Il existe divers groupes et mécanismes qui luttent contre les disparitions forcées.Voyons-en quelques-uns :

  • Convention internationale contre les disparitions. Son objectif est d’éviter le phénomène, de rechercher la vérité et d’apporter un soutien aux familles, en veillant à ce qu’elles obtiennent justice et réparation.
  • Groupe de travail sur les disparitions forcées ou involontaires. En charge de suivre les États dans leurs progrès d’accomplissement de leurs obligations. De plus, il s’agit de la plus ancienne procédure spéciale de la commission des droits de l’homme.
  • Comité contre les disparitions forcées. Il a été créé après la convention internationale de 2010 pour la protection contre les disparitions forcées. Il coexiste par ailleurs avec le groupe de travail établissant des activités pour prévenir et éradiquer ce phénomène.
  • Commission interaméricaine des droits de l’homme. Les États membres de l’organisation des États américains s’engagèrent à : ne pas tolérer les disparitions forcées, punir ses auteurs et coopérer entre eux pour prévenir, punir et éradiquer ce phénomène.
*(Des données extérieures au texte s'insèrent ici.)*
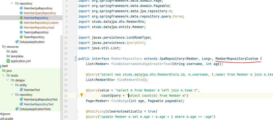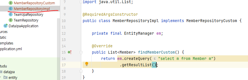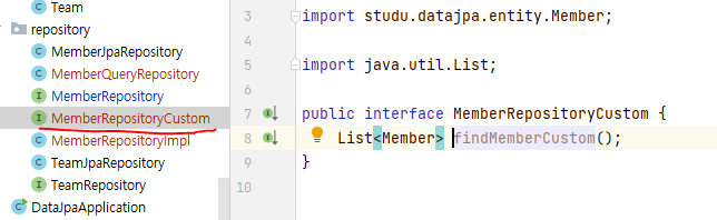 아래처럼 쓰면 spring data jpa가 구현체 알아서 찾아서 묶어준다고 한다. (단 구현 클래스 네이밍 규칙 등 맞춰야 함)

Il existe par ailleurs différents groupes spécifiques à chaque pays, notamment grâce à l’appui de leaders communautaires et d’organisations dédiées à l’aide aux victimes. Même ainsi, ce phénomène continue d’être un événement alarmant qui ne cesse de se reproduire.

Comment faire face à une disparition forcée ?
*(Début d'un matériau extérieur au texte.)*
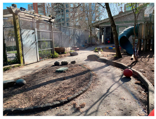 Little Bunny received the second highest pre-intervention Seven Cs score with 94 out of 135. It was the largest of the four interventions sites with a series of looping paths which afforded ample room to play and run (Figure 4). As such, it received the highest pre-intervention score, 12, for Connectivity. A low wooden fence between the Little Bunny play space and the outdoor play space for the toddlers created opportunities for dialogue across the fence between children and the ECE. This is reflected in the score of 19 (tied for highest with Crawley Cubby) for Context. Unfortunately, many plants were dead.
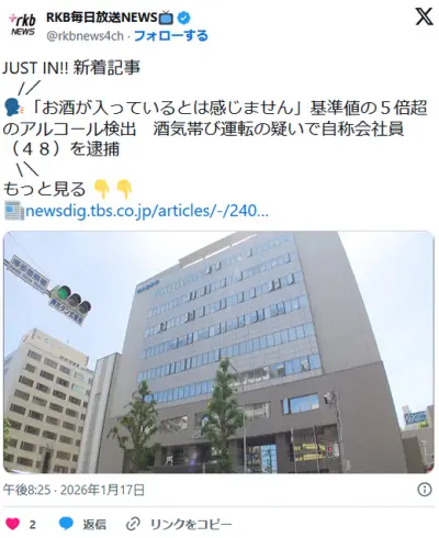 基準値5倍超の飲酒運転で逮捕の男「私の体に酒が入っているとは感じない。つまり飲酒運転はしてない」
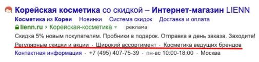 1. Только текст: заголовок, текст, ссылка на сайт, дополнительная информация — быстрые ссылки, расширения, контакты.
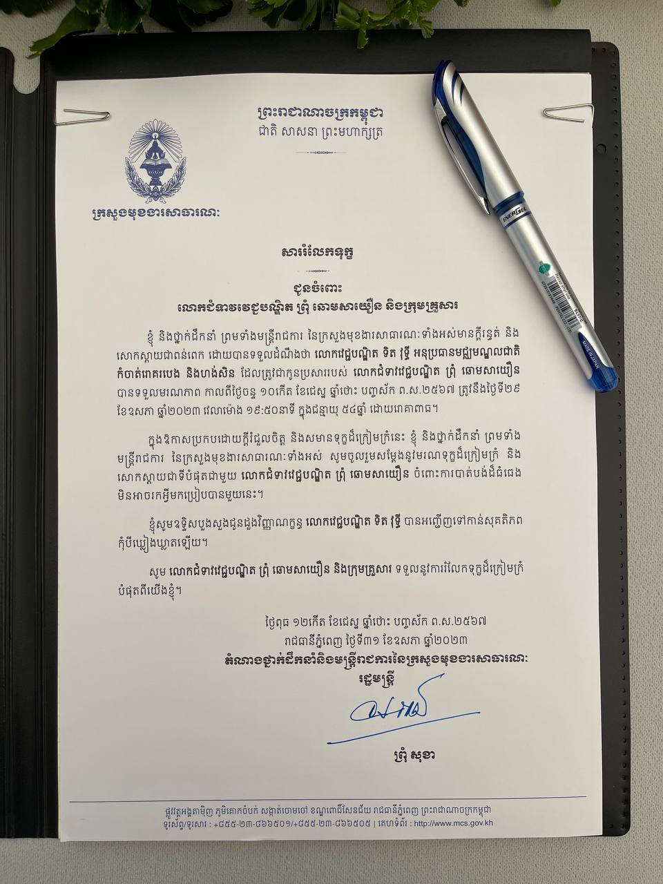 (ភ្នំពេញ)៖ នាព្រឹកថ្ងៃពុធ ទី៣១ ខែឧសភា ឆ្នាំ២០២៣នេះ ឯកឧត្តម ព្រុំ សុខា រដ្ឋមន្ត្រីក្រសួងមុខងារសាធារណៈ បានដឹកនាំប្រតិភូ ចូលរួមគោរពវិញ្ញាណក្ខន្ធ លោកវេជ្ជបណ្ឌិត ទិត វុទ្ធី អនុប្រធានមជ្ឈមណ្ឌលជាតិកំចាត់រោគរបេង និងហង់សិន ដែលត្រូវជាកូនប្រសារ លោកជំទាវវេជ្ជបណ្ឌិត ព្រុំ ឆោមសាយឿន នៅគេហដ្ឋាននៃសព ស្ថិតក្នុងបូរីហាយធិចលុច្សសារី ផ្ទះលេខ៤២ ផ្លូវលីលី សង្កាត់និរោធ ខណ្ឌច្បារអំពៅ រាជធានីភ្នំពេញ៕

Avant de parler de stratégies d’adaptation, nous insisterons sur ce qui peut provoquer une disparition forcée. Approfondissons :

  • Terreur. A travers le sentiment d’insécurité et de peur qui limite les membres de la famille et les proches des personnes disparues.
  • Impact. Chez les proches, dans les communautés et dans la société.
  • Violation des droits. Tels que la sécurité, la dignité, à ne pas subir de torture ou d’autres peines cruelles ; avoir des conditions de détention humaines ; le droit à la vie de famille ; à la vie; à un procès équitable, entre autres.
  • Douleur sans nom. Il est difficile pour les victimes d’exprimer ce qu’elles ressentent. Il reste une trace après le traumatisme, laquelle leur fait revivre encore et encore une douleur intense.

Établir le récit de la disparition, une histoire avec laquelle la personne peut vivre, n’est pas une tâche facile. Il est toutefois possible d’y travailler. De sorte que ce travail et la plupart des stratégies développées reposent sur la résilience.
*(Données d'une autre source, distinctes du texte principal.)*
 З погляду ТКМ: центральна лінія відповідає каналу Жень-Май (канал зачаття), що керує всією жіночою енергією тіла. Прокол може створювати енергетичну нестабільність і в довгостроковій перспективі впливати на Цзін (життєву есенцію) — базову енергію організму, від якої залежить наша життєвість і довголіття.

Il existe en outre différentes manières d’y parvenir. Notons que la résilience peut heureusement s’apprendre. Par exemple, à travers une psychothérapie ou à travers des activités communautaires qui encouragent les victimes à se sentir soutenues pour construire leur propre récit qu’elles peuvent intégrer à leur histoire personnelle.

L’objectif est que l’expérience devienne un point d’ancrage. Un point de force plutôt qu’un poids qui enfonce la personne, de plus en plus, dans l’océan d’émotions à valence négative (tristesse, peur, colère, etc.).

Consultation psychologique.

Les victimes pourraient également recourir à l’art pour surmonter le phénomène. Il s’agit donc d’élaborer l’angoisse à travers le processus créatif, de pouvoir nommer cette douleur que l’on ne sait pas traiter. La nommer, c’est mettre des mots sur tout cet enchevêtrement d’émotions, de perceptions et de pensées, et donc à gérer l’expérience.

D’autre part, diverses enquêtes ont révélé des méthodes précieuses pour gérer l’angoisse résultant des disparitions forcées. Par exemple, Gabriel Gatti (Université du Pays basque) nous présente dans son article différentes propositions, nées de l’ensemble de l’analyse des disparitions en Argentine et en Uruguay.

Il s’agit de parier sur l’impossibilité de parler des silences bruyants, et de forcer le langage jusqu’à ses limites, ce qu’il appelle des parodies sérieuses. Un autre exemple a été mené par la Cunningham Dax Collection, en collaboration avec le Melbourne Jewish Holocaust Center.

Ils ont organisé une exposition avec les œuvres des survivants de l’Holocauste et les familles des victimes. Elle visait à promouvoir la transformation du  traumatisme à travers l’art.

Nous espérons que des initiatives continueront d’être créées à la fois pour faire face aux traumatismes et pour les prévenir. Que la contestation sociale ne disparaisse pas, que nous décidions de quitter nos maisons seulement par volonté, que nous n’ayons pas à nous lever sans savoir où se trouvent les personnes que nous aimons.